Есенин и Дункан. Люблю тебя, но жить с тобой не буду
Составитель Татьяна Маршкова
© Т. И. Маршкова, составление, 2022
© ООО «Издательство Родина», 2022
Встречи с Есениным[1]
Илья Шнейдер
…Летом 1921 года знаменитая американская танцовщица Айседора Дункан по приглашению советского правительства приехала в Москву, чтобы отдать свой труд, опыт и навыки русским детям.
«Дункан назвали «царицей жестов», – писал о ней Луначарский, – но из всех ее жестов этот последний – поездка в революционную Россию, вопреки навеянным на нее страхам, – самый красивый и заслуживает наиболее громких аплодисментов».
Сразу же после приезда Дункан нарком просвещения Анатолий Васильевич Луначарский поручил мне как журналисту, близкому к хореографическому искусству, позаботиться о Дункан и ее спутницах, а потом в течение очень долгих лет, не бросая, правда, никогда пера, журналистики, литературы, я руководил сначала школой, затем студией и, наконец, Московским театром-студией имени Айседоры Дункан.

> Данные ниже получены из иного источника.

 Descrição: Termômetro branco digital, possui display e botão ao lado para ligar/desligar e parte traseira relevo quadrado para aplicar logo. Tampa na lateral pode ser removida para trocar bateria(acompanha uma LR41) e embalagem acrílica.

Первые месяцы работы с Дункан и свели меня с одним из замечательных русских поэтов-лириков Сергеем Александровичем Есениным.
Я прожил с Айседорой Дункан и Сергеем Есениным в Москве под одной кровлей почти три года, немного путешествовал с ними, был свидетелем первой их встречи, в моей памяти жива история их большой любви, которую Луначарский назвал потом «горьким романом»…

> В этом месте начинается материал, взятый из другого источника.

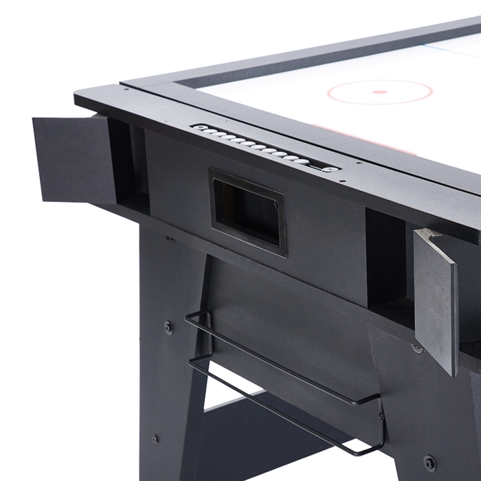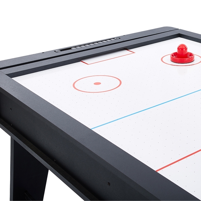 La surface d'air hockey 160,8 x 82,3 cm vous offrira une vitre dotée de ventilateurs pour une qualité de glisse professionnelle. Elle est livrée avec deux palets et deux pads, notre table multi-jeux 2 en 1 étant utilisable dès réception.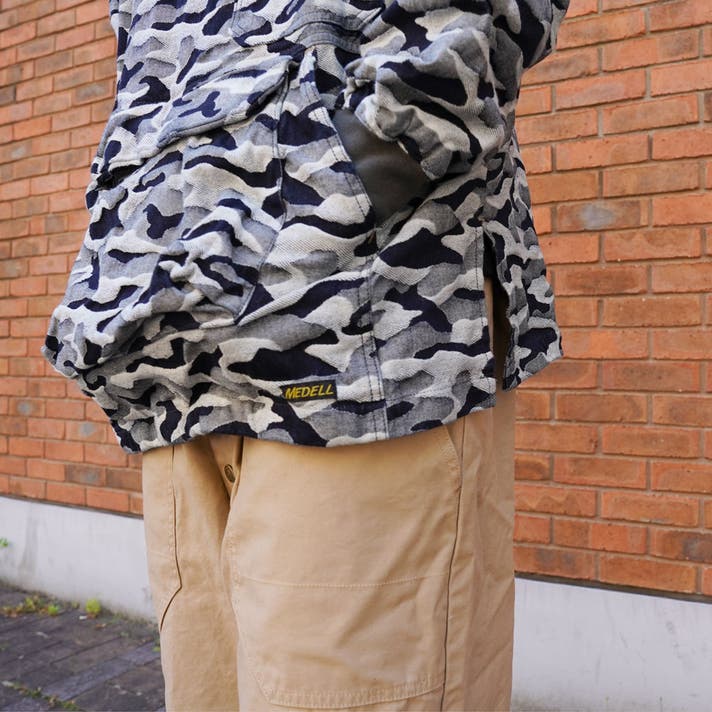 プリントだとミリタリー感が強くなる迷彩柄もジャガード織りにする事で凹凸のある高級感のある大人っぽい印象に。

Имя Айседоры Дункан, ирландки по национальности, родившейся в Америке, стало известно в начале 1900-х годов. Она призывала к реформе искусства, быта, школы и являлась носительницей идеи о всеобщем художественно-физическом воспитании детей, проповедовала раскрепощение женщины в самом широком смысле этого слова. В своем искусстве Дункан стремилась к органической связи танца с музыкой и к естественной выразительности движений.
После Октябрьской революции ее неудержимо потянуло в новую Россию. Она приезжает в Москву для того, чтобы создать школу художественно-физического воспитания детей. «Я хочу, – говорила она, – чтобы рабочий класс за все свои лишения и страдания, которые он нес годами, получил бы высшую награду, видя своих детей бодрыми и прекрасными».

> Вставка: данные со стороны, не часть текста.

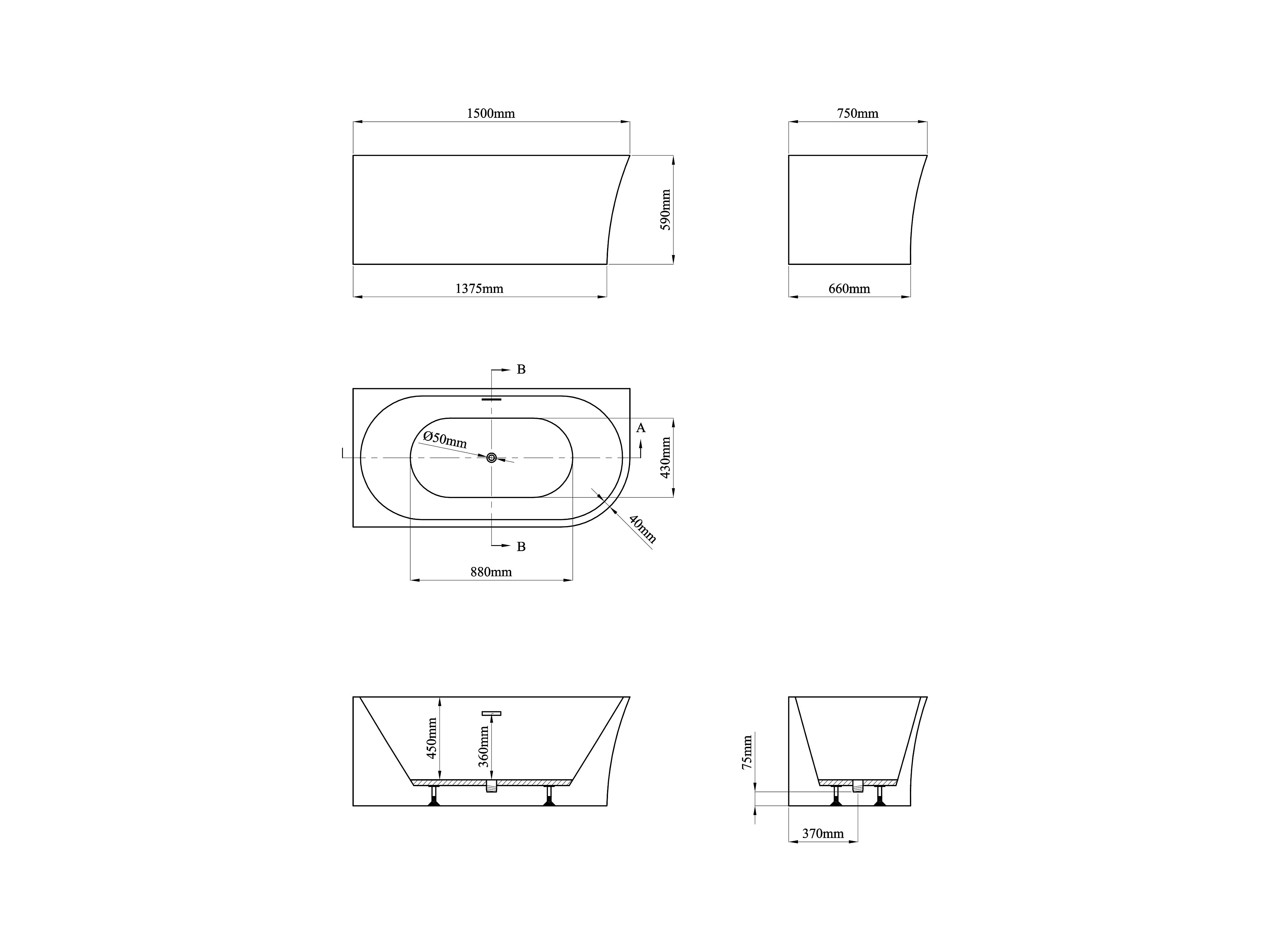 Wit douchebad met draaiend badscherm - 201 liter - Linkse hoek - PONTICOLA

В книге «Моя жизнь» Дункан писала, что она «старалась найти и наконец нашла первоначало всякого движения…» и что она «стремилась постигнуть единый ритм движения в природе».
Писатель Николай Никитин, близко знавший Есенина, так характеризует Айседору Дункан: «Это была великая артистка и, очевидно, это был большой человек. Об этом говорят последние страницы ее жизни.
Приехать совершенно бескорыстно в советскую Россию, едва оправившуюся от исторических пожаров, нужды и голода… Поверить в эту Россию мог человек лишь незаурядный. Вспомните годы… Презреть богатство, свою мировую славу, которая, правда, была уже на закате, все-таки не просто…, но и не в этом дело. Она могла жить в полном довольстве, спокойно. Но она говорила в те годы, что не может так жить, что только Россия может быть родиной не купленного золотом искусства».
О том, что ощущала Дункан, когда ехала с женой Литвинова из Лондона через Ревель и Петроград в Москву, она писала в своей книге: «…По пути в Россию я чувствовала то, что должна испытывать душа, уходящая после смерти в другой мир, я думала, что навсегда расстаюсь с европейским укладом жизни. Я видела, что идеальное государство, каким оно представилось Платону, Карлу Марксу и Ленину, чудом осуществилось на земле. Со всем жаром существа, разочаровавшегося в попытках претворить в жизнь в Европе свои художественные видения, я готовилась вступить в идеальное государство коммунизма…».
Из старого мира она шла в новый, не зная, что в обетованной земле найдет и большую, последнюю в жизни любовь…
Глава 1
Приезд Айседоры Дункан. – «Золотой король» и Дункан. – Первые впечатления
Кто может предугадать минуту, когда благодаря какому-нибудь незначительному обстоятельству жизнь внезапно делает крутой поворот?..
Если бы я вошел минутой позже в свою комнату, где призывно звенел настольный телефон, он бы еще раза два налился звоном и умолк. Я поднял трубку: Флаксерман, секретарь Луначарского, сообщил, что со мной хочет переговорить нарком.
Луначарский сказал, что неожиданно, на три дня раньше, чем ее ждали, приехала Дункан. Анатолий Васильевич попросил меня поселить ее на какое-то время в квартире Гельцер, уехавшей на гастроли. С Гельцер я был связан работой и поэтому не удивился такой просьбе.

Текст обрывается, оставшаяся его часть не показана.